Вот я выстрелил Господу Богу прямо в глаз, подумал розеттинец, следя за сигарой.
Только до стратосферы снаряд не долетел, сразу же над кратером он выполнил изящный пируэт и завернул.
– В нас грохнет? – довольно-таки спокойно спросил Эбен.
– Если в ней имеются термодатчики, то, скорее всего, нет.
И действительно. Ракета выбрала источник огня. И вот тут резервуар рванул. Потоки горящего топлива залили плиты взлетно-посадочной площадки, охватили хозяйственные и вспомогательные постройки. Команды с тележек тут же начали убегать от реки огня и спасать остальные машины. Но тут со страшным грохотом взорвался один из боевых "треугольников".
– Яхууу! – восторженно заорал Лино. – Это мы им неплохой бардачок тут устроили!
Прижав лицо к окошку, Фруассарт внимательно следил за тем, а не достанет ли огонь и их. Пока что на это не было похоже. Но точно так же никакая сила не была в состоянии открыть, разжать или расколоть броню корабля, который пленил их, словно раковина – драгоценную жемчужину.
Несмотря на чудовищные разрушения, ацтеки усмирили пожар за полчаса. А потом, со всех сторон, заслонившись прозрачными коконами, они начали приближаться к виновникам случившегося.
– Ничего не могу сделать! Ничего не могу сделать! – с бессильной яростью кричал Павоне.
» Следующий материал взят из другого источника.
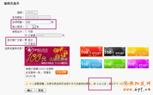 注:優(yōu)惠券模板是可以根據(jù)自身店鋪情況進(jìn)行修改的。具體樣式可根據(jù)各賣家店鋪風(fēng)格而定。
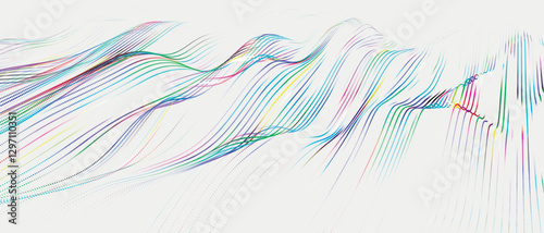 The watermark will not be included on Wall mural.: Multicolored wave of glowing dots - futuristic dot wave of bright particles on light background - weav
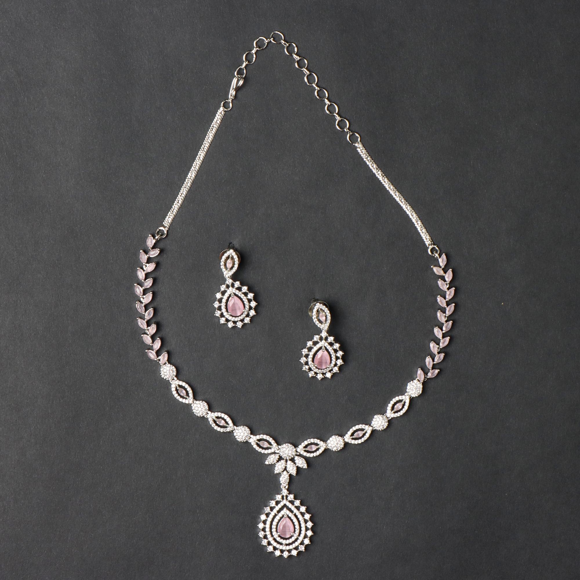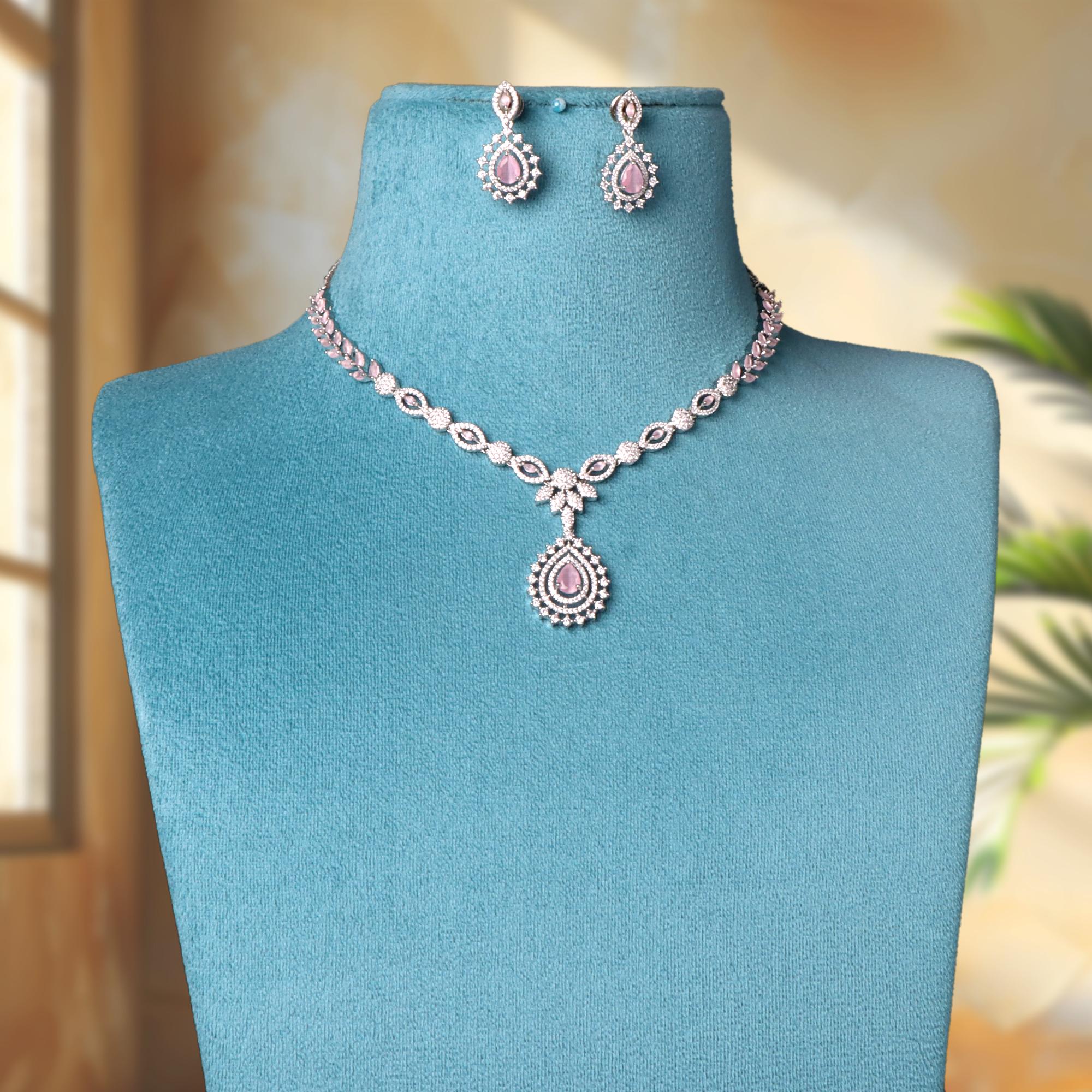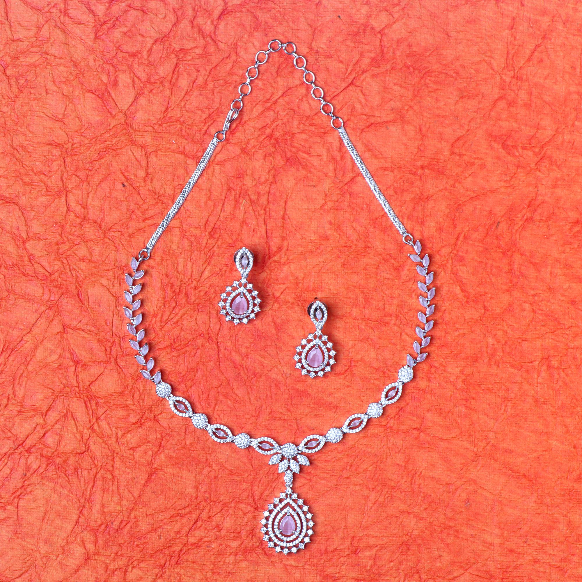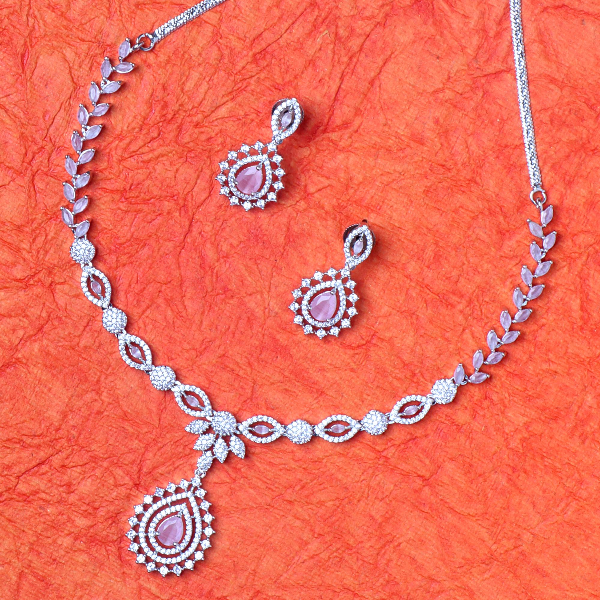 OrnaOra's elegant silver tone necklace and earring set showcases sparkling American diamonds with delicate pink faux stones. This beautiful imitation jewelry offers a sophisticated and graceful touch for any celebration.

Фруассарт, как и обычно, сохранял спокойствие. Аравак погрузился в свойственную себе кататонию. Зато Эбен, который, обычно, не сильно-то проявлял эмоции, не выдержал и начал грозить приближающимся врагам:
– Ну, идите-ка сюда, грязнули! Увидите, как дорого продают свою шкуру добрые христиане!
17. Долина тревоги
Игра в перестукивания с боцманом Вайгелем долго не продолжалась. Заскрежетал механизм двери, и я, как можно скорее, перекатился на средину мата. Плафон разгорелся желто-зеленым светом. Вообще-то я ожидал визита Итцакойотля, но появилась лишь пара ацтекских охранников, выглядящие чуточку получше тех, каких я встречал раньше, по крайней мере, от них так не несло местной самогонкой. Распутав мне ноги, они вытащили меня из камеры и повели по коридору, более чистому и лучше освещенному, чем все виденные мною раньше. Технические устройства здесь функционировали тоже намного лучше, переборки между коридорами раздвигались тихо, возможно, не совсем так, чтобы заметив нас, но, скорее всего, они реагировали на поднятие старшего из церберов знака его власти. Более всего он походил на какую-то смесь бердыша с булавой, законченную гребнем из нефрита. После нескольких крутых поворотах и последних врат, перед которыми стражник поднимал свой знак целых три раза, перед нами открылась овальная комната, где было множество глубоких ниш, в которой в центре стоял гладкий и темный, словно ониксовая плита, стол в форме миндального ореха. Стенки ниш оставались темными, гладкими, сами ниши походили на свод в планетарии. Через мгновение после нашего прихода сочащийся из невидимых источников слабый пурпурный свет окрасил весь свод помещения в нежно-розовый тон, в который, перед самым восходом, окрашивается небо. За столом я заметил два неподвижных силуэта мужчин в длинных плащах. В тот самый момент, когда я очутился на полпути к столу, словно на оперной сцене, их окружил световой круг.